Sparkling in Space

THINK PICKING OUT the right accessories for an outfit is tough? Try choosing the right accessory to launch your mail order company.

That’s what Jim Breakell, president of silver and gold jewelry cataloger J.H. Breakell & Co., had to do when he designed his first print advertisements.

Breakell began his career in the early 1970s as a metalsmith, making silver cups and bowls. His first retail experience was a partnership with a couple of goldsmiths at a shop/studio on Bowen’s Wharf in Newport, RI. He then moved on to doing wholesale and commissioned work, and spent some time as a designer at Trafalgar Ltd., creating hardware for accessories like belts, bags and shoes. When that job ended, he couldn’t find similar work in the Providence, RI area so in 1985 he decided to try his hand at mail order, using his home as both a workshop and business headquarters.

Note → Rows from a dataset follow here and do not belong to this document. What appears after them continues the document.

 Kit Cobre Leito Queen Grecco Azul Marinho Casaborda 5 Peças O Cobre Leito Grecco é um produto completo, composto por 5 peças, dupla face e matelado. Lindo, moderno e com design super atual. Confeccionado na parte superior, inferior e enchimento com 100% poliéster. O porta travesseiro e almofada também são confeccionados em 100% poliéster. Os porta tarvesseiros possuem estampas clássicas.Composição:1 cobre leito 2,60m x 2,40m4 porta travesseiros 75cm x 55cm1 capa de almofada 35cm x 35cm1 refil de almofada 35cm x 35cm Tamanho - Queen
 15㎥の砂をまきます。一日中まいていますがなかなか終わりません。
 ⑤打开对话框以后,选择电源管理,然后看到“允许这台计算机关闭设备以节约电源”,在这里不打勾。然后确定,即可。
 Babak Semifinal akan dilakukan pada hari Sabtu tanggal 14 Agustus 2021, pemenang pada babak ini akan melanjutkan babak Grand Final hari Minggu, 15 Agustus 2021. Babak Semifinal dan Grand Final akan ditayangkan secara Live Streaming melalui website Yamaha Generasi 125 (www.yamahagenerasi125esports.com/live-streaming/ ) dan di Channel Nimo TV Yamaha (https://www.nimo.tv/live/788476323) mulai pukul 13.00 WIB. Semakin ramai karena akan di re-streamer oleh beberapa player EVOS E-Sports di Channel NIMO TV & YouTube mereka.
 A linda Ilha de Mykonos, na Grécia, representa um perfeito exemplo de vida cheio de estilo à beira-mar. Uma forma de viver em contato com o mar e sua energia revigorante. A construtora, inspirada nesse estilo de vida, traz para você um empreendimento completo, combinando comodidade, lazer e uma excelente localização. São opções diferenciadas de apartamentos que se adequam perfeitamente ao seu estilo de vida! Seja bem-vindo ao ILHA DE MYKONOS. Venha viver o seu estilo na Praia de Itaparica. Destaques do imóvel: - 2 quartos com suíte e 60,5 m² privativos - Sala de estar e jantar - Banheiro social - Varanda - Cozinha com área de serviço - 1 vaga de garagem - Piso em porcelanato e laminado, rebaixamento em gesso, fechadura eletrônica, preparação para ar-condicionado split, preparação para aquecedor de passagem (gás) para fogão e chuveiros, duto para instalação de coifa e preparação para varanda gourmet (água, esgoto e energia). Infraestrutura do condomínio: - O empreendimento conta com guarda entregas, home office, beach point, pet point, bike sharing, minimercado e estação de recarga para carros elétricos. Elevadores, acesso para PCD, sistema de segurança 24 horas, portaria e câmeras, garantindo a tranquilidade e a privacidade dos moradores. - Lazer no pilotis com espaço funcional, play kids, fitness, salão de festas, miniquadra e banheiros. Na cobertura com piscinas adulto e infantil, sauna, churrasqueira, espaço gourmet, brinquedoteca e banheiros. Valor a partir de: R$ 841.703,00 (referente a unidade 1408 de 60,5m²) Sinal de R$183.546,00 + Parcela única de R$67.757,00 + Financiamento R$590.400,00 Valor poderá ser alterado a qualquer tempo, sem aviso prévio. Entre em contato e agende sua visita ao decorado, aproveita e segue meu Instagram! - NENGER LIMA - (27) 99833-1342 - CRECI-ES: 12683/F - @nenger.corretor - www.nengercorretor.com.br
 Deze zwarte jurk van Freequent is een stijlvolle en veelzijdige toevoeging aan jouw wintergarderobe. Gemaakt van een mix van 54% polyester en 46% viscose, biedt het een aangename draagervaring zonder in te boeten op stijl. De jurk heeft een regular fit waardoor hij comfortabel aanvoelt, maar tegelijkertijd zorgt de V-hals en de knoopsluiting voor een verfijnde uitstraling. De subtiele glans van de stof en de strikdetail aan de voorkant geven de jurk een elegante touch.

Today the company has a thriving retail operation on a quaint Newport side street, and expects to circulate 732,000 catalogs this holiday season. About a third of J.H. Breakell’s direct orders are coming in online.

Breakell talked with Direct recently about how the company used print to get a start in direct marketing, why it turned away from the medium, and how it might go back.

DIRECT: Did you have any experience in mail order when you started the company?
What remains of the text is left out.